I have at last finished reviewing every book of the Bible.
I finished reading it for the first time on 12th March this year, but then I finished reading it in 44 days on 25th April. Then I had to go back and re-read much of it to review the books that I hadn't had time to, which meant re-re-reading the last one (Deuteronomy) yesterday and today, and then trying to find something to type about it.
The even crazier thing is, re-re-reading the last dozen or so books to review has put my blog-writing so behind, that the day on which I'm typing this review of completing my reviewing is actually 21st May.
And the day on which I'll publish it (going to leave a blank space for this to be filled in later when it happens as I type these words now) will be 4th September!

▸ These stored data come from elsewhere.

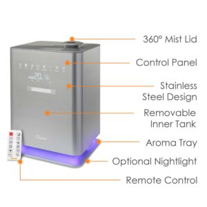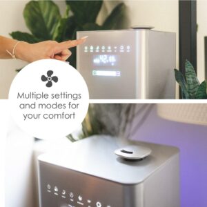 Crane USA 1.2 Gallon Warm and Cool Mist Top Fill Humidifier with Remote, 500 Sq. Ft Coverage, UV Ionizing Light, Metallic
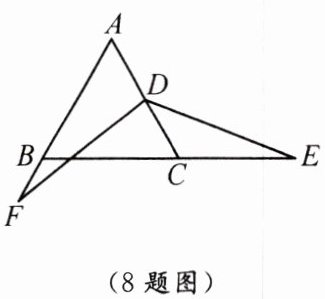 8. 如图,等边三角形 ABC 的边长为 5,D 是 AC 的中点,点 E,F 分别在 BC,AB 的延长线上,∠EDF = 120°,则 CE - BF 的值为
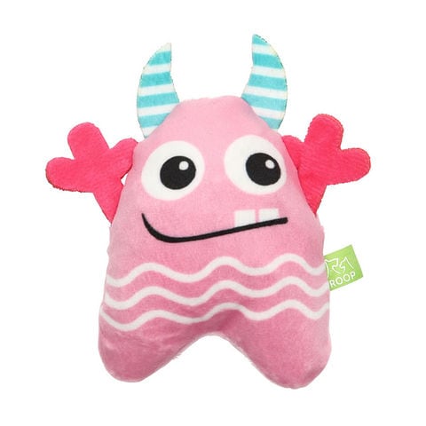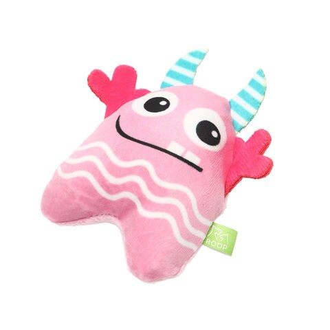 | 特長 | ●手のひらサイズの小さくて可愛いぬいぐるみ系おもちゃです。 ●「カラフルモンスター ピンク」は、シマシマの角とパッと開いた手が可愛いオバケです。 ●ボディーにはカシャカシャ音がするクッションが入っています。 |
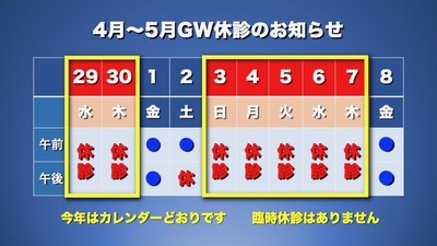 『令和8年ゴールデンウィーク休診のお知らせ』

All of which bizarrely demonstrates what I've come to suppose about God and time as I've written these 66 books up on this blog.
I don't think that God has created an actual thing called time, but I do think that he can see every event in history. I think he can do this by simply remembering everything, and keeping his word.
Can we do that as well?
There's the past, the present, and the future.
We can see the past now, by remembering things honestly.
We can see the present now, which I'm doing now at 2:14am on May 21st 2008.
We can see the future now, by planning it now, and later being faithful to those words.
With a bit of organisation, I can book a doctor's appointment in my recent past, and then attend it about 8½ hours from now.
Well of course I can - that's been my plan from the beginning.
Of course, I get the past wrong when I lie or mis-remember something, and the future wrong when i break my word, or plan badly. (I'll change that 'i' to a capital letter later)
And there are other people making plans now too of course, and I can't see that part of the present, so I can't see the futures that they're planning. But God can.
However I do think that much of the future that God plans is dependent upon us being honest and keeping our word.
When we stop keeping our word, and change our future from the future that we had earlier planned, then I guess that our future changes. Perhaps partly because we've changed our minds, but maybe also because God changes his mind about what to do in the future too. Sometimes.
I expect to edit this ramble before I publish it.